▶ [Task to complete]:
Given the records below, the lines starting at the line with "Packing includes: Includes" and ending at the line with "상단에는 플래시, 모드" should be output exactly, both end lines kept and pictures left out.
____ Source information
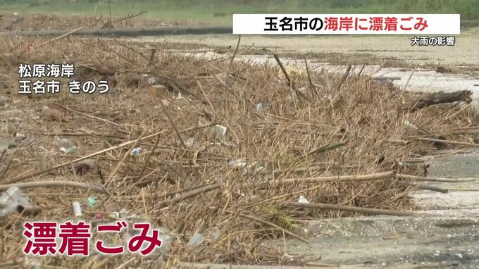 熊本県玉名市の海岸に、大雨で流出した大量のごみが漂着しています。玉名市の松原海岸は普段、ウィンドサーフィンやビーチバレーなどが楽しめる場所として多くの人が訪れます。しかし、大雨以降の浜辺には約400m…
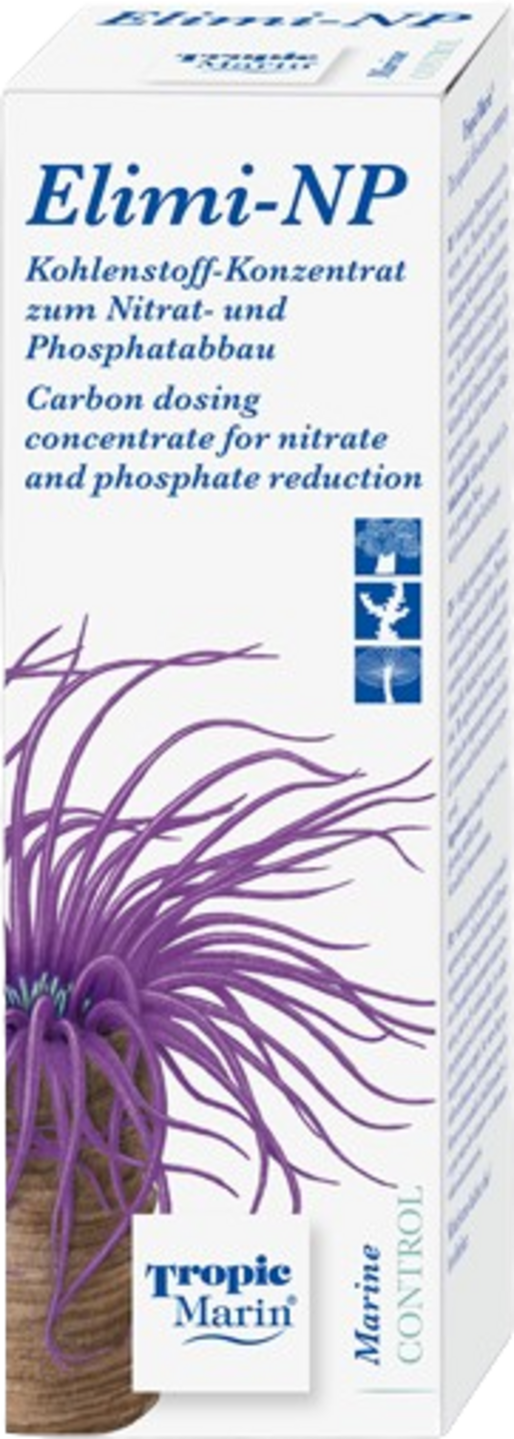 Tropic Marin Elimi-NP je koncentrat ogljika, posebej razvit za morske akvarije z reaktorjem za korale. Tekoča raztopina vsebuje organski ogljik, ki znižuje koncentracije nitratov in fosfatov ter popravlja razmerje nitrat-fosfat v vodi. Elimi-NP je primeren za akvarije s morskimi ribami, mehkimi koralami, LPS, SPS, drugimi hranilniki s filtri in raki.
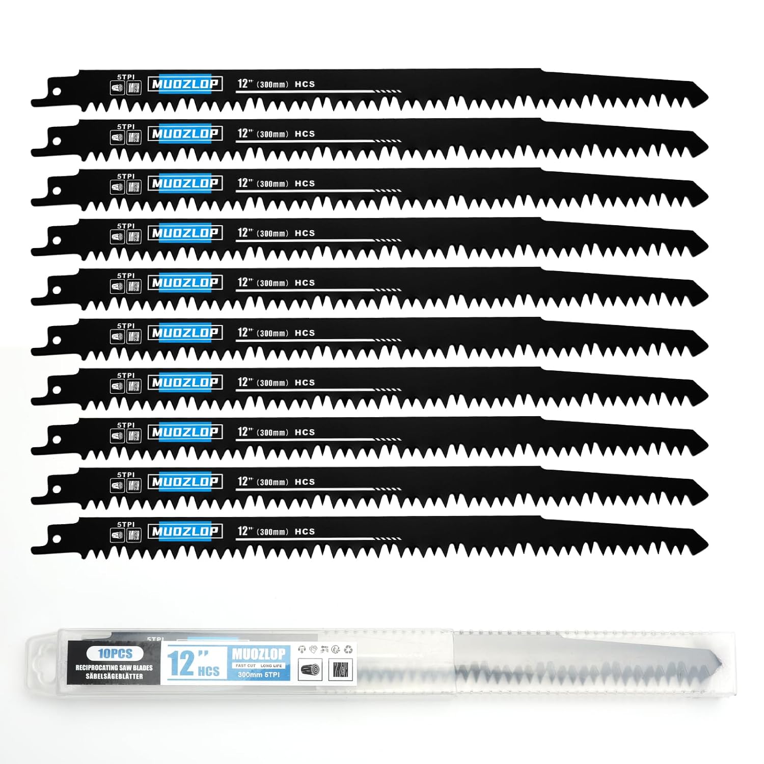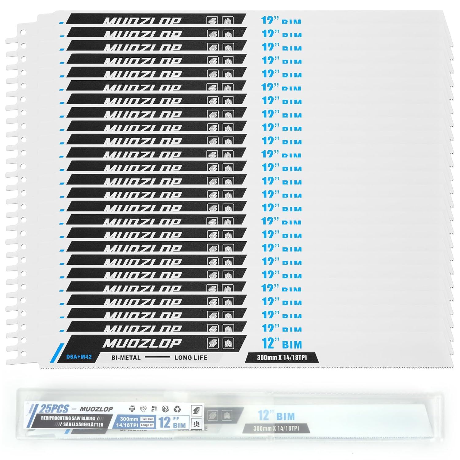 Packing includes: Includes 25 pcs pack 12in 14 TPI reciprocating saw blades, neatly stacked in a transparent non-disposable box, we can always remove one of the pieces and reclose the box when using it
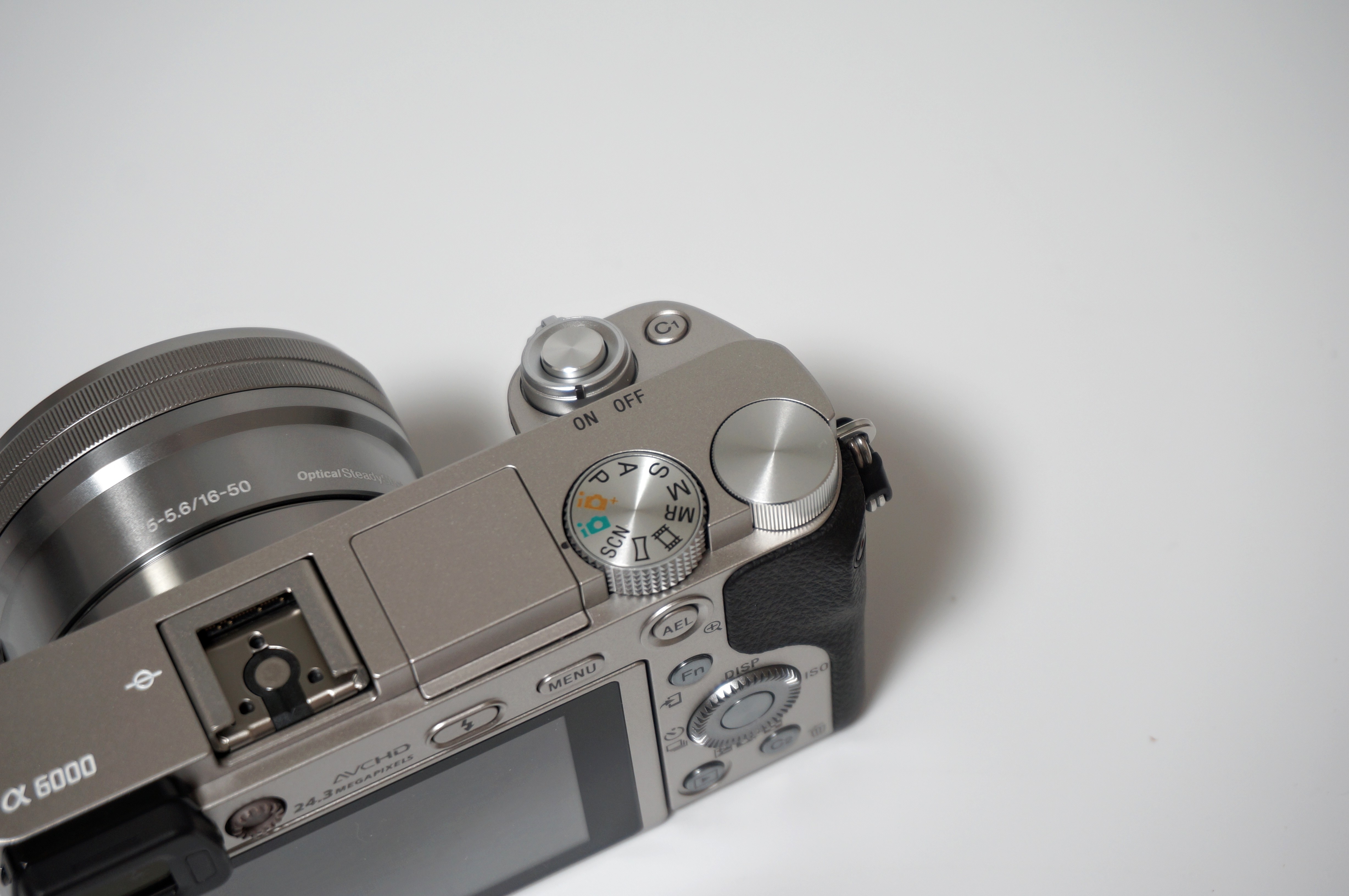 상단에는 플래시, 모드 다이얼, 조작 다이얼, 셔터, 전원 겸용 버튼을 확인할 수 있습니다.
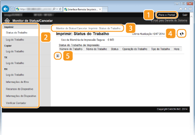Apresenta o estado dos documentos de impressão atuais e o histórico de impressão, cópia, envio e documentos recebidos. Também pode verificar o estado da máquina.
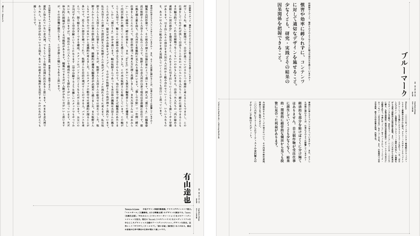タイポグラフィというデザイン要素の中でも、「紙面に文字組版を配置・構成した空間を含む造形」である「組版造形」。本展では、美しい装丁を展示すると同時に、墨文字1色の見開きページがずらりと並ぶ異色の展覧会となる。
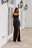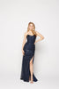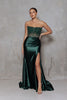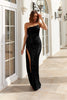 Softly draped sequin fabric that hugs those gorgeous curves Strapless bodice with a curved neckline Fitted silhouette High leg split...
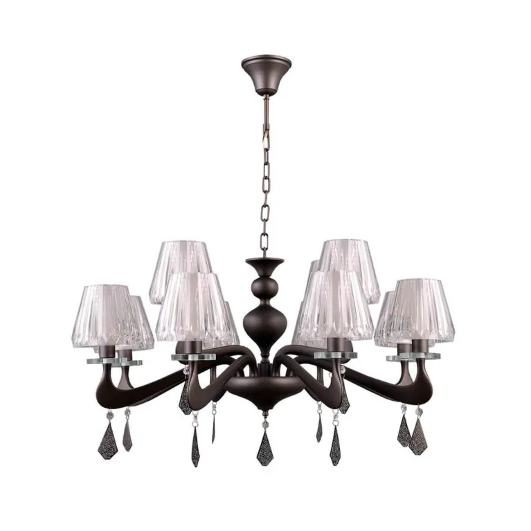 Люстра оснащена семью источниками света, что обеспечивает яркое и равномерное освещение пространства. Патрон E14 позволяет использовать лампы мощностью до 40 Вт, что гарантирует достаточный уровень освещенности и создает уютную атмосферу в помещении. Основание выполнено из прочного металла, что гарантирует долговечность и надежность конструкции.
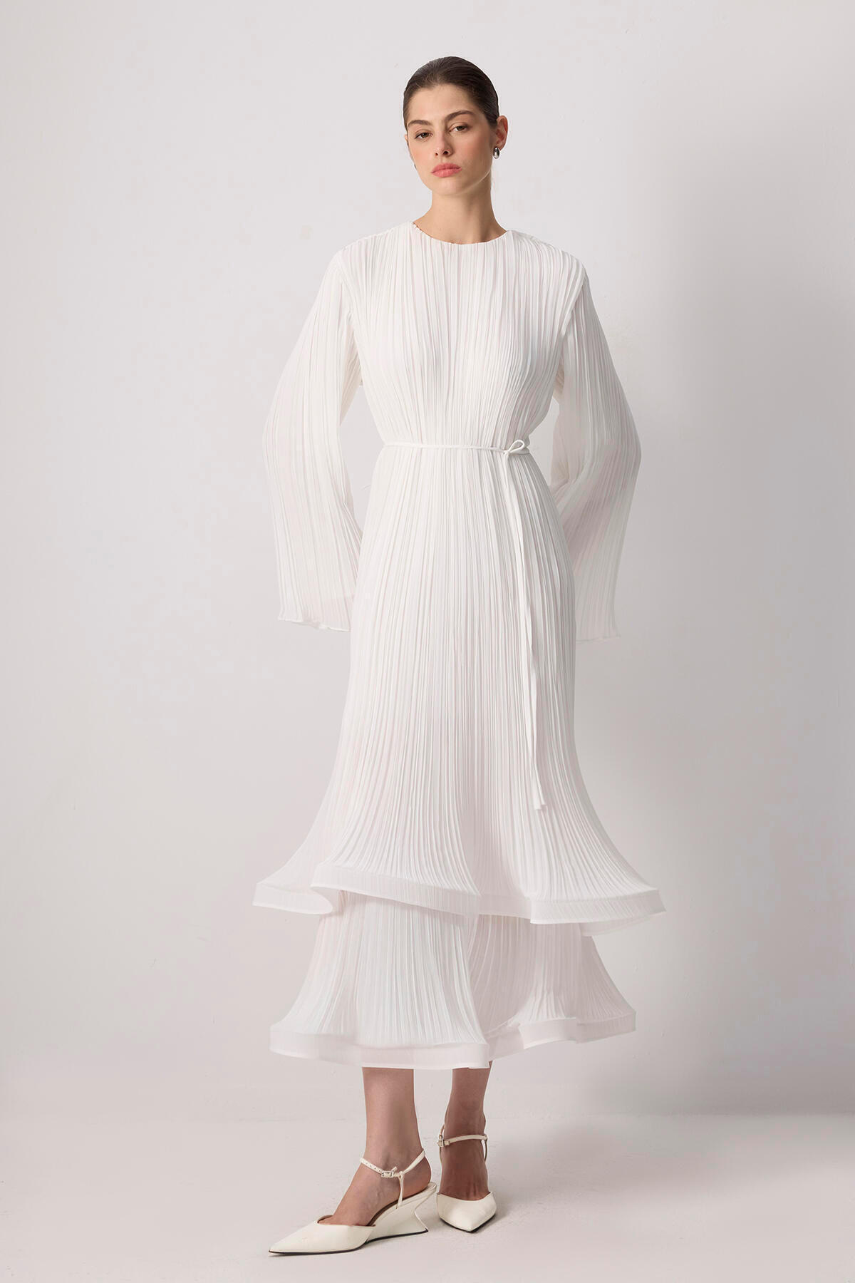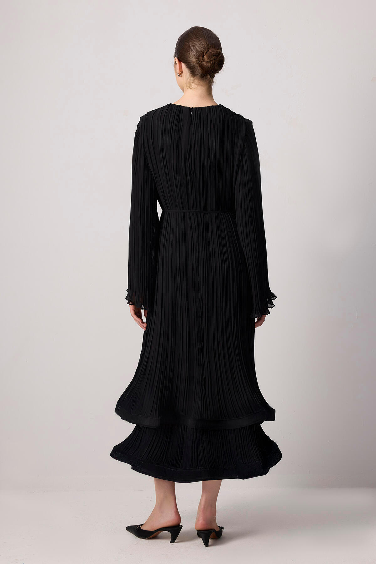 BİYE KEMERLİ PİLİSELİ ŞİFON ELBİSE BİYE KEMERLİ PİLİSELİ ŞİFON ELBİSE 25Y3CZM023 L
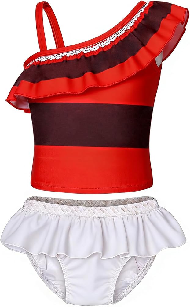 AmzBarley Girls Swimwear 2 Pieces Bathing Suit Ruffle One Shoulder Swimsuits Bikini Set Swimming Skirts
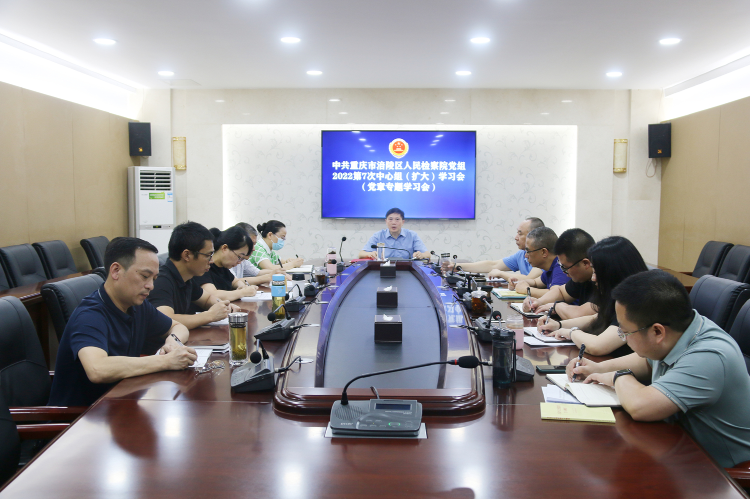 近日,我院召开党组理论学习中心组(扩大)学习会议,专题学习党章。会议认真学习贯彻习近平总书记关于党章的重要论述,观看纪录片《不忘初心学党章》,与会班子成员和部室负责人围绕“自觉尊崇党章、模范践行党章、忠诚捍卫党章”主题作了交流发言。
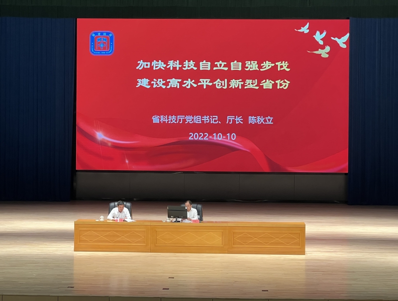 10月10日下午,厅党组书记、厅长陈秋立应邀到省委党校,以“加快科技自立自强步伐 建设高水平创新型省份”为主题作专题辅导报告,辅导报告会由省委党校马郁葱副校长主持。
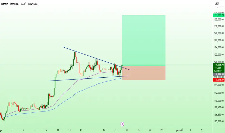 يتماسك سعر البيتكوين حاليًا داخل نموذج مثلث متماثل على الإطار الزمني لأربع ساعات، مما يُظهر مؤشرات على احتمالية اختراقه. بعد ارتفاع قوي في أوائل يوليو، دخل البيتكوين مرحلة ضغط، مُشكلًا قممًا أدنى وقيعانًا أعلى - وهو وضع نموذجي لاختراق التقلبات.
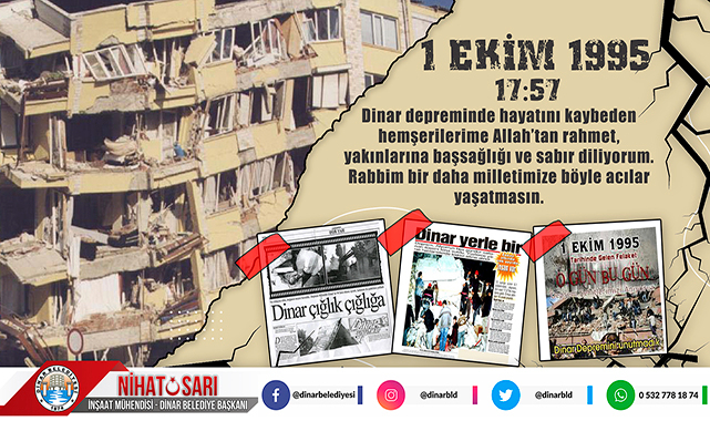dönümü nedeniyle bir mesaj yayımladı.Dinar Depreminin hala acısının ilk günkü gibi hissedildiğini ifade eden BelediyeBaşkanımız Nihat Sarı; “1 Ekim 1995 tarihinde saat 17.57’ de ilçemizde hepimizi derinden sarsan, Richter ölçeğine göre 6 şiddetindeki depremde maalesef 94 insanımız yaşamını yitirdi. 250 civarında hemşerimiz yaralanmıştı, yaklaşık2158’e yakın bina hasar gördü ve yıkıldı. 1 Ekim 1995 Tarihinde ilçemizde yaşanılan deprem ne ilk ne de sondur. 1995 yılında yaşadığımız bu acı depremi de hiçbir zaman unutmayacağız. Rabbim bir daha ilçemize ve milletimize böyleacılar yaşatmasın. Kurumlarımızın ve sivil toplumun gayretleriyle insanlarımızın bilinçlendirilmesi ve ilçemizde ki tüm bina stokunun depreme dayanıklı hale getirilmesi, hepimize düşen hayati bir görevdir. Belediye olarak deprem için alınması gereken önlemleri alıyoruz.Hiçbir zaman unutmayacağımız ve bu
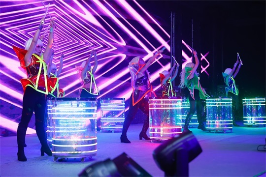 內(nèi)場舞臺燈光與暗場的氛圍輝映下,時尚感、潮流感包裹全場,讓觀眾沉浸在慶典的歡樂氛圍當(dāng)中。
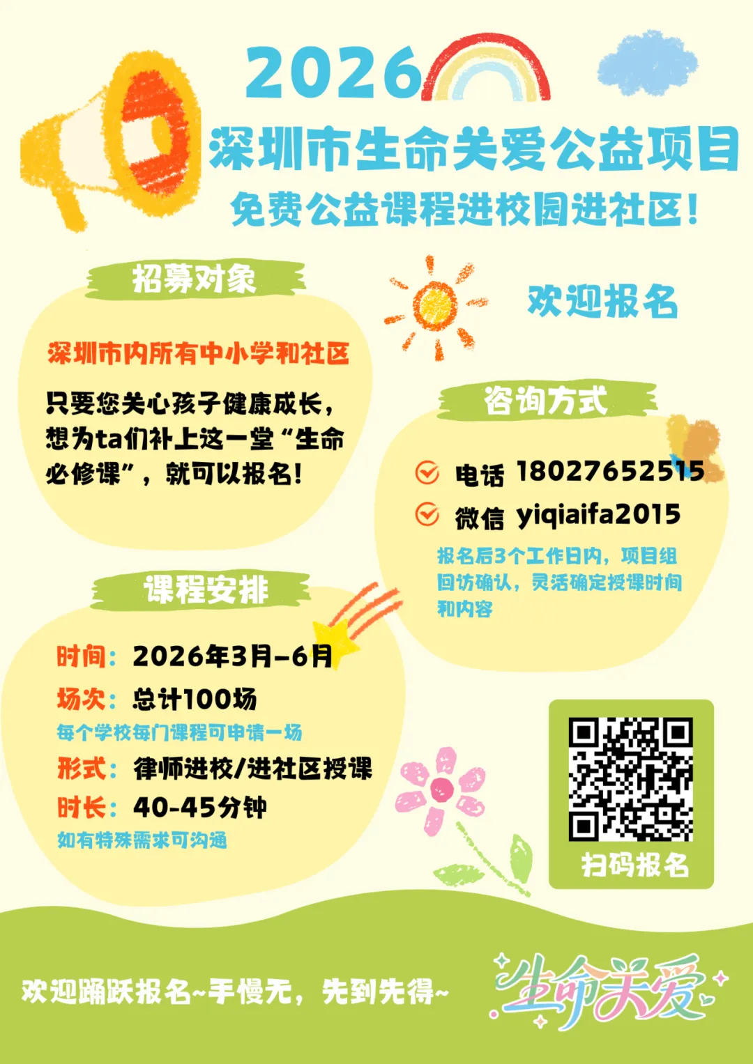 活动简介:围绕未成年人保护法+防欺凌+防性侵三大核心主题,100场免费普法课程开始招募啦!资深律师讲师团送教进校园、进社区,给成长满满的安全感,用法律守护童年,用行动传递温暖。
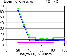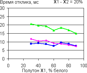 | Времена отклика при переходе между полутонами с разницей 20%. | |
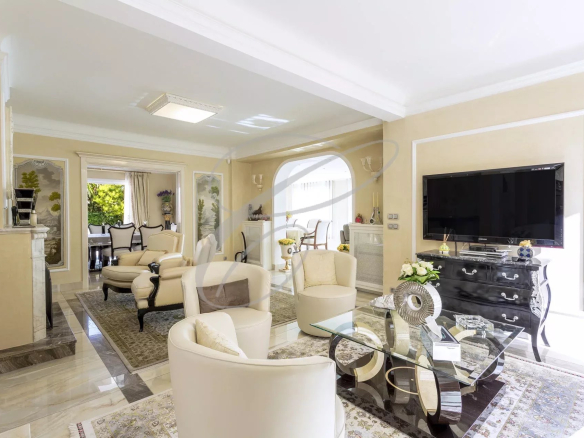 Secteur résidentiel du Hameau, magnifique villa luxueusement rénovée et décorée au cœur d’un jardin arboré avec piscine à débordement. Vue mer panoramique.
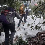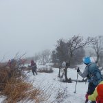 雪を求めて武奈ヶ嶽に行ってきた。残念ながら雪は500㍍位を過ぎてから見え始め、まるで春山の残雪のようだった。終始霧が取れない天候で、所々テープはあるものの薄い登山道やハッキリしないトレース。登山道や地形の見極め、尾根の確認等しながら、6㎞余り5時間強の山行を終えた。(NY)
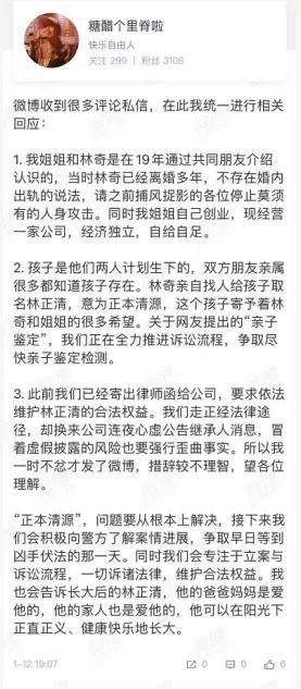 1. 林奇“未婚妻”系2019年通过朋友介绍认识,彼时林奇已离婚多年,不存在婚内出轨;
________
▶ [Response area]:
 Packing includes: Includes 25 pcs pack 12in 14 TPI reciprocating saw blades, neatly stacked in a transparent non-disposable box, we can always remove one of the pieces and reclose the box when using it
 상단에는 플래시, 모드 다이얼, 조작 다이얼, 셔터, 전원 겸용 버튼을 확인할 수 있습니다.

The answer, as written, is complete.